=== PROBLEM TO WORK ON ===
All entries are to be printed again exactly, with their images omitted.

=== DATA EXTRACTS ===
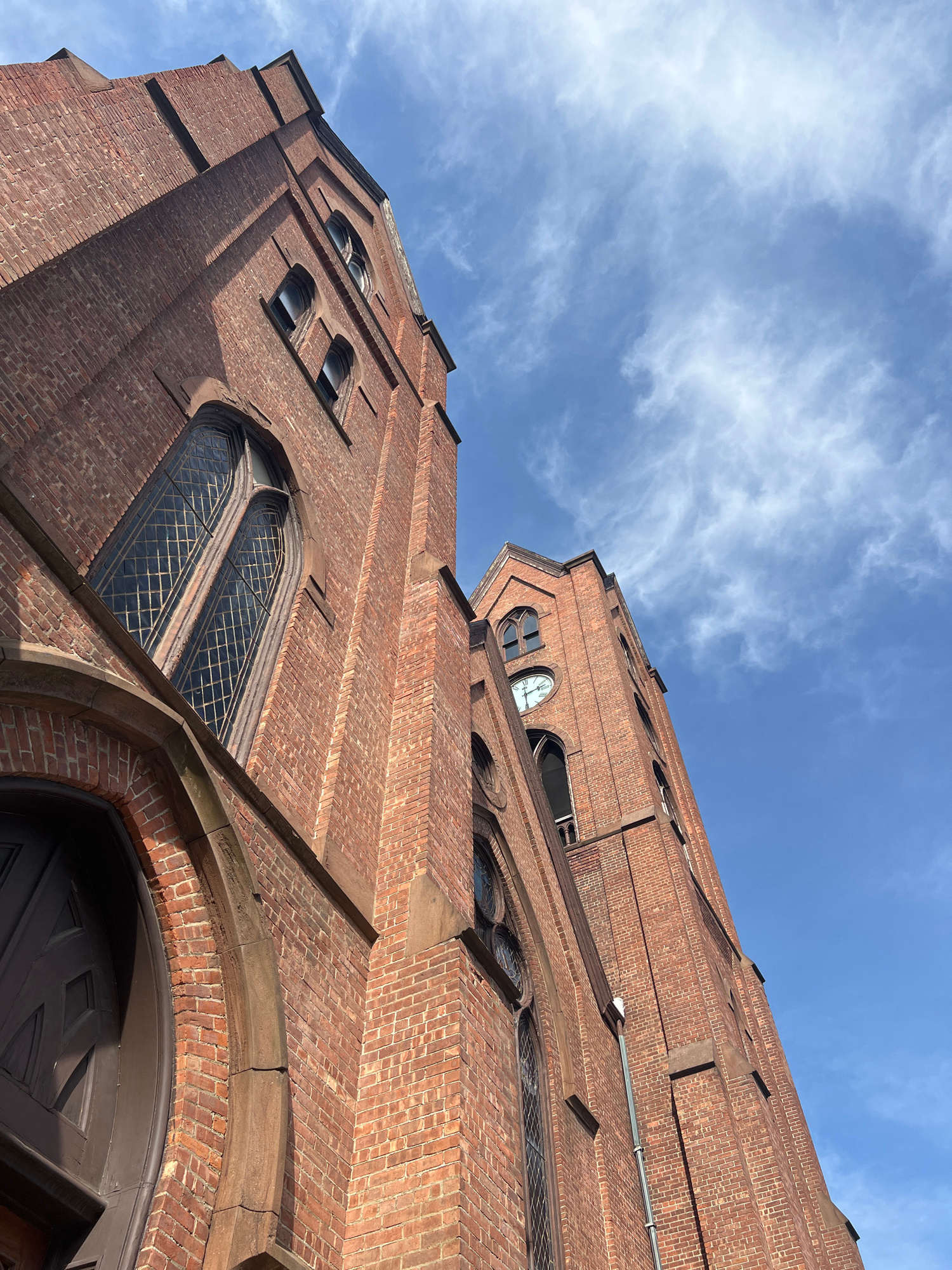 A low-angle shot captures a brick building with a sky backdrop in City of Newburgh, United States of America. The structure is constructed of orange-red bricks. A large arched window is situated above…read more
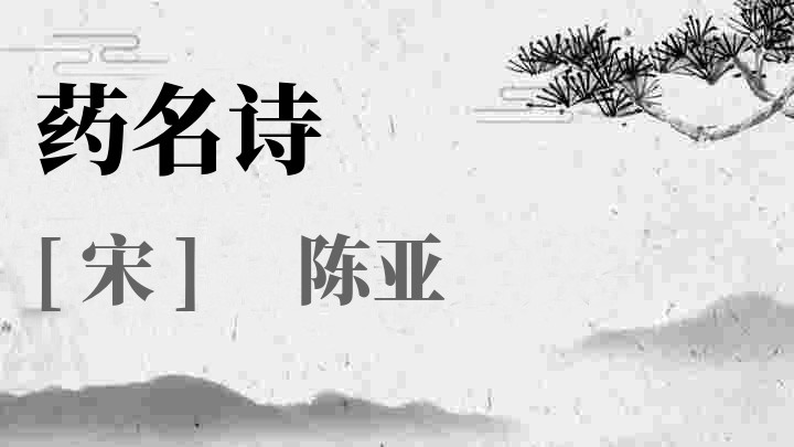 陈亚(约公元1017年前后在世)字亚之,维扬(今江苏扬州)人。生卒年均不详,约宋真宗天禧初前后在世。咸平五年(公元1002年)进士。尝为杭之于潜令,守越州、润州、湖州,仕至太常少卿。家有藏书数千卷,名画数十轴,为生平之所宝。晚年退居,有“华亭双鹤”怪石一株,尤奇峭,与异花数十本,列植于所居。亚好以药名为诗词,有药名诗百首,其中佳句如“风月前湖夜,轩窗半夏凉,”颇为人所称。药名词如生查子,称道之者亦多。少孤,长于舅家,受其舅影响,熟谙,药名,有药名诗百馀首。
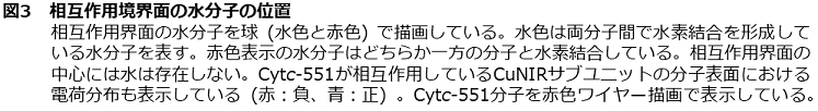 これまで単独の構造解析からCytc-551のヘム近傍表面とCuNIRのタイプ1銅近傍表面には小さな疎水性領域 (パッチ) があり水分子がまばらに点在することがわかっていたが、興味深いことに、それらの水分子は複合体を形成することで相互作用境界面の中心 (コア) から排除されていた (図3)。これは、お互いの相互作用部位に疎水的アミノ酸残基を多くすることでその部位表面での水分子の数を減らし、分子間相互作用時の水分子排除に係るエネルギーロスを最小限にしながらお互いの酸化還元中心を最も接近させるといった、生物が進化の歴史を経て獲得した分子間電子伝達反応機構における分子戦略なのかもしれない。
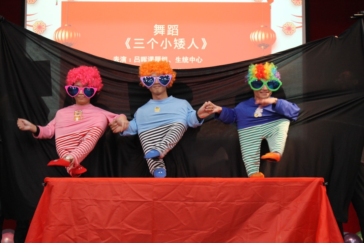 联欢会由幕布戏舞蹈《三个小矮人》拉开帷幕。一张黑色的布由两位同学拉开,隐藏了六位同学在幕后,只在幕前露出三面化妆后的联孔,六人双手充当三个小矮人的手脚,在《失恋阵线联盟》的音乐中开始了欢快的舞蹈。现场的气氛一下被点燃,现场充满了欢声笑语。
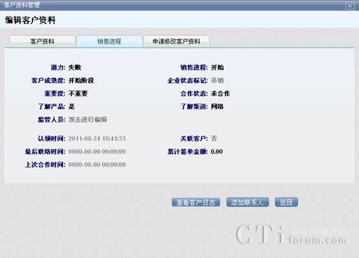 點(diǎn)擊標(biāo)簽選擇要查看的客戶資料,和銷(xiāo)售進(jìn)程。查看客戶日志能看到該客戶被執(zhí)行操作的歷史情況,例如資料的變更,所屬的變更等等。添加聯(lián)系人是指為當(dāng)前客戶添加新的聯(lián)系人,添加完聯(lián)系人信息后,聯(lián)系人就會(huì)被納入到該客戶資料里。

=== OUTPUT ===
 A low-angle shot captures a brick building with a sky backdrop in City of Newburgh, United States of America. The structure is constructed of orange-red bricks. A large arched window is situated above…read more
 陈亚(约公元1017年前后在世)字亚之,维扬(今江苏扬州)人。生卒年均不详,约宋真宗天禧初前后在世。咸平五年(公元1002年)进士。尝为杭之于潜令,守越州、润州、湖州,仕至太常少卿。家有藏书数千卷,名画数十轴,为生平之所宝。晚年退居,有“华亭双鹤”怪石一株,尤奇峭,与异花数十本,列植于所居。亚好以药名为诗词,有药名诗百首,其中佳句如“风月前湖夜,轩窗半夏凉,”颇为人所称。药名词如生查子,称道之者亦多。少孤,长于舅家,受其舅影响,熟谙,药名,有药名诗百馀首。
 これまで単独の構造解析からCytc-551のヘム近傍表面とCuNIRのタイプ1銅近傍表面には小さな疎水性領域 (パッチ) があり水分子がまばらに点在することがわかっていたが、興味深いことに、それらの水分子は複合体を形成することで相互作用境界面の中心 (コア) から排除されていた (図3)。これは、お互いの相互作用部位に疎水的アミノ酸残基を多くすることでその部位表面での水分子の数を減らし、分子間相互作用時の水分子排除に係るエネルギーロスを最小限にしながらお互いの酸化還元中心を最も接近させるといった、生物が進化の歴史を経て獲得した分子間電子伝達反応機構における分子戦略なのかもしれない。
 联欢会由幕布戏舞蹈《三个小矮人》拉开帷幕。一张黑色的布由两位同学拉开,隐藏了六位同学在幕后,只在幕前露出三面化妆后的联孔,六人双手充当三个小矮人的手脚,在《失恋阵线联盟》的音乐中开始了欢快的舞蹈。现场的气氛一下被点燃,现场充满了欢声笑语。
 點(diǎn)擊標(biāo)簽選擇要查看的客戶資料,和銷(xiāo)售進(jìn)程。查看客戶日志能看到該客戶被執(zhí)行操作的歷史情況,例如資料的變更,所屬的變更等等。添加聯(lián)系人是指為當(dāng)前客戶添加新的聯(lián)系人,添加完聯(lián)系人信息后,聯(lián)系人就會(huì)被納入到該客戶資料里。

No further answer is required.